The question is, “Is this chunk useful or does it make the code harder to understand?” Initially, it had a use, as it replaced several common sections. But I would postulate that, now that it’s back to a single use, not only does it not serve a purpose, but it makes the code harder to understand, as the name for it doesn’t add any useful information and it’s just another level of indirection. It becomes just another concept to have to deal with when understanding what is happening. The decomposition has gone too far.
What’s interesting to consider is how “helpful” decompositions differ from “harmful” decompositions. If you look back at the original Story breakdown, it felt “helpful” because it allowed us to operate at a higher level and gain an understanding of the code at that level, without having to plow through all the low-level details. It actually added information, by providing a structure that we might not have noticed otherwise. However, the Said_Food_Is chunk doesn’t have that benefit – it doesn’t take us up or down levels. It’s just a replacement with no value. It is introducing an extra step to go through, but it doesn’t offer any additional insight, whether it be structural or “these things are all the same”, which is what you get when replacing things used in multiple places. It’s barely a separate thought, and yet it’s trying to be one.
The Difficulties with Abstraction
I wanted to look at one more chunk, which is the Bear_Scene one. This is really a template to be filled in. And it works for what it needs to do. However, if you were to hand that to someone outside of the context of this code, it would be hard to get a good sense of it. I mean, you could see what it does, but you may not know exactly what it means. And this is something I have noticed often in code, which isn’t a 100% generality, but it happens often enough to make it worth watching out for:
While it can feel good to find patterns and generalize the code through common abstractions for those patterns, abstractions tend to be harder to initially grasp than concrete code.

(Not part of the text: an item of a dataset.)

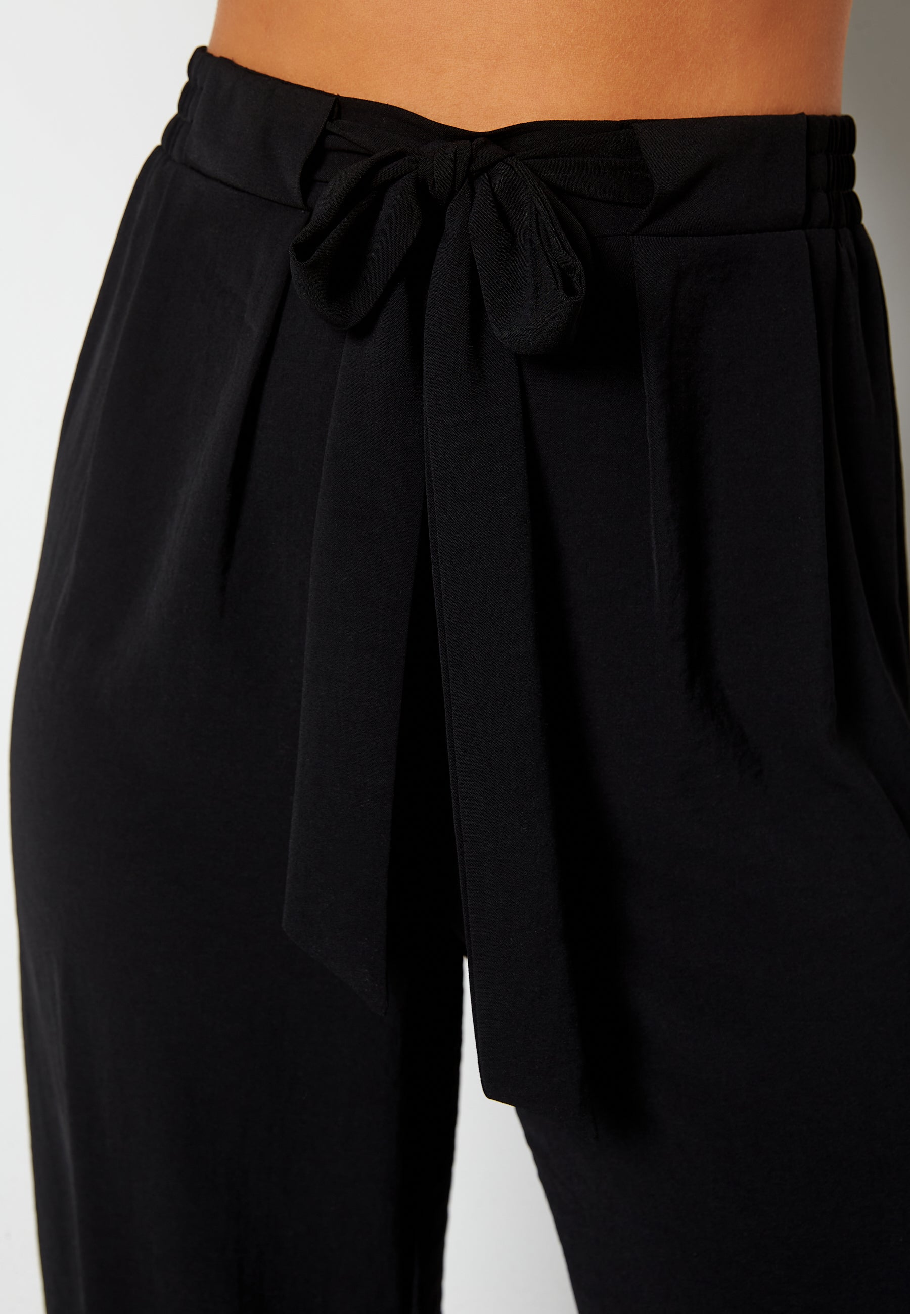 - Elastic at the waist with non removable tie string at the front.

Again, I wouldn’t say it’s generally true. Things like templated or generic containers, for example, have good semantics that make immediate sense. However, other abstractions – especially if they don’t have a unifying concept behind them – can be harder to grasp until they can be placed into context so their usage can be seen. We can extract the pattern out, but not all patterns have good semantics outside of the code that uses them, which would allow them to stand on their own in our minds.
There is a saying in coding circles that code should read like well-written prose. While on the surface this sounds like an admirable goal, we’re actually taught to break down our code, which can lead to it being hard to follow and understand if done to too fine a detail. Its interesting to compare that sort of writing to actual prose.
The following is a made up example of the other way around: what prose would look like if written like typical code. The main point of this is that code readability is something worth thinking about – and that maybe the automatic decomposition of code into smaller and smaller units may not always be the best thing to do, especially if we are interested in having the code be able to be easily understood. At some point, we begin to lose a lot of the context and coherence that allows us to maintain it properly in our minds.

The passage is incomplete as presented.